PART 6
Chapter 4
 
Varenka, with her white kerchief on her black hair, surrounded
 by the children, gaily and good-humoredly looking after them, and
 at the same time visibly excited at the possibility of receiving
 a declaration from the man she cared for, was very attractive.
 Sergey Ivanovitch walked beside her, and never left off admiring
 her.  Looking at her, he recalled all the delightful things he
 had heard from her lips, all the good he knew about her, and
 became more and more conscious that the feeling he had for her
 was something special that he had felt long, long ago, and only
 once, in his early youth.  The feeling of happiness in being near
 her continually grew, and at last reached such a point that, as
 he put a huge, slender-stalked agaric fungus in her basket, he
 looked straight into her face, and noticing the flush of glad and
 alarmed excitement that overspread her face, he was confused
 himself, and smiled to her in silence a smile that said too much. 
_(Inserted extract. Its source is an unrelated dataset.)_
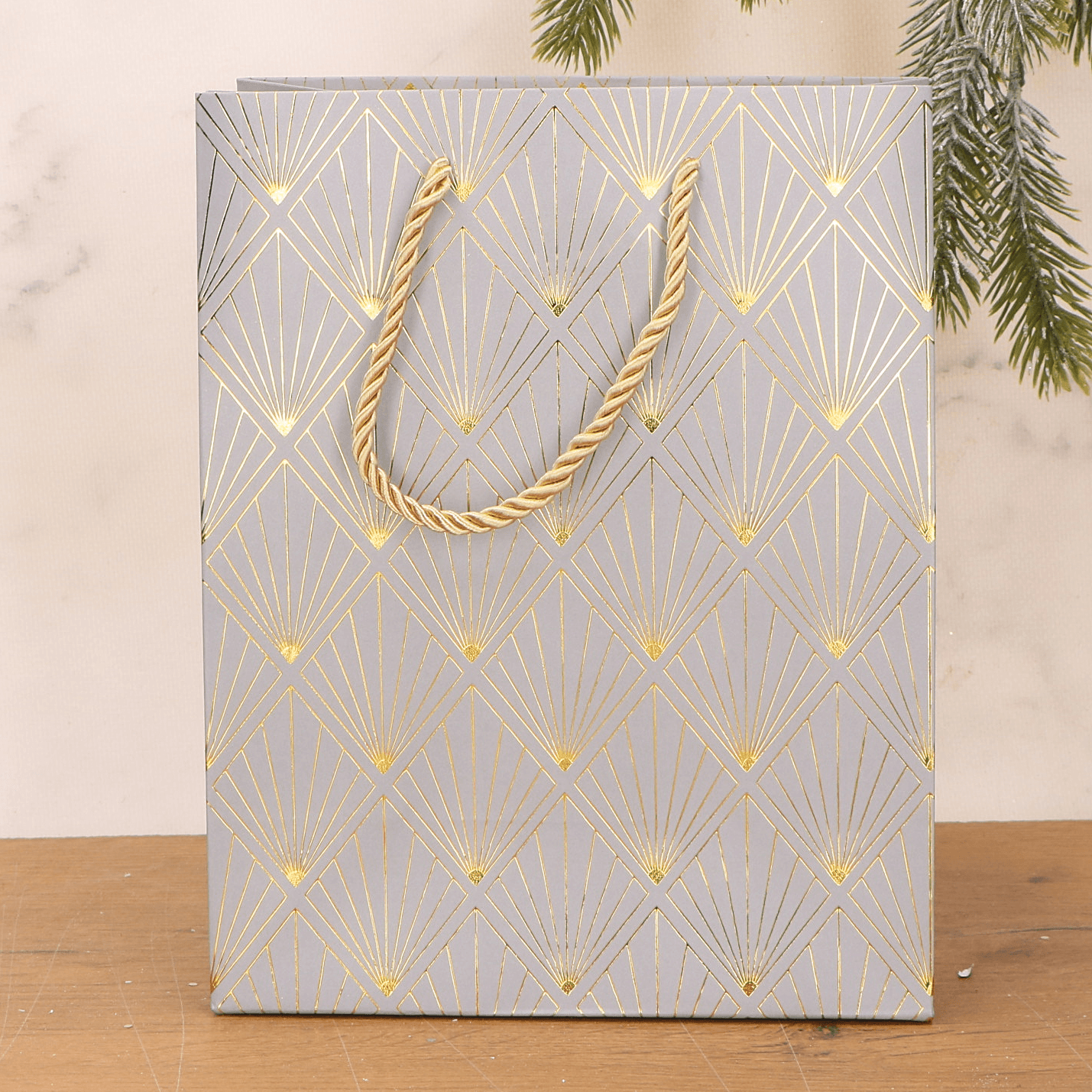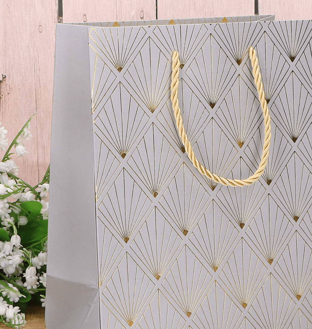 Te eleganckie papierowe torebki na prezent są uosobieniem nowoczesnego designu i wyrafinowanego smaku. Każda torebka prezentuje się z klasą dzięki geometrycznemu wzorowi z akcentami metalicznego złota, które nadają im ekskluzywnego charakteru. Oferowane w mixie czterech kolorów, są idealnym wyborem na każdą okazję, zapewniając, że Twój prezent będzie się wyróżniał i był zapamiętany.

"If so," he said to himself, "I ought to think it over and make
 up my mind, and not give way like a boy to the impulse of a
 moment." 
"I'm going to pick by myself apart from all the rest, or else my
 efforts will make no show," he said, and he left the edge of the
 forest where they were walking on low silky grass between old
 birch trees standing far apart, and went more into the heart of
 the wood, where between the white birch trunks there were gray
 trunks of aspen and dark bushes of hazel.  Walking some forty
 paces away, Sergey Ivanovitch, knowing he was out of sight, stood
 still behind a bushy spindle-tree in full flower with its rosy
 red catkins.  It was perfectly still all round him.  Only
 overhead in the birches under which he stood, the flies, like a
 swarm of bees, buzzed unceasingly, and from time to time the
 children's voices were floated across to him.  All at once he
 heard, not far from the edge of the wood, the sound of Varenka's
 contralto voice, calling Grisha, and a smile of delight passed
 over Sergey Ivanovitch's face.  Conscious of this smile, he shook
 his head disapprovingly at his own condition, and taking out a
 cigar, he began lighting it.  For a long while he could not get a
 match to light against the trunk of a birch tree.  The soft
 scales of the white bark rubbed off the phosphorus, and the light
 went out.  At last one of the matches burned, and the fragrant
 cigar smoke, hovering uncertainly in flat, wide coils, stretched
 away forwards and upwards over a bush under the overhanging
 branches of a birch tree.  Watching the streak of smoke, Sergey
 Ivanovitch walked gently on, deliberating on his position.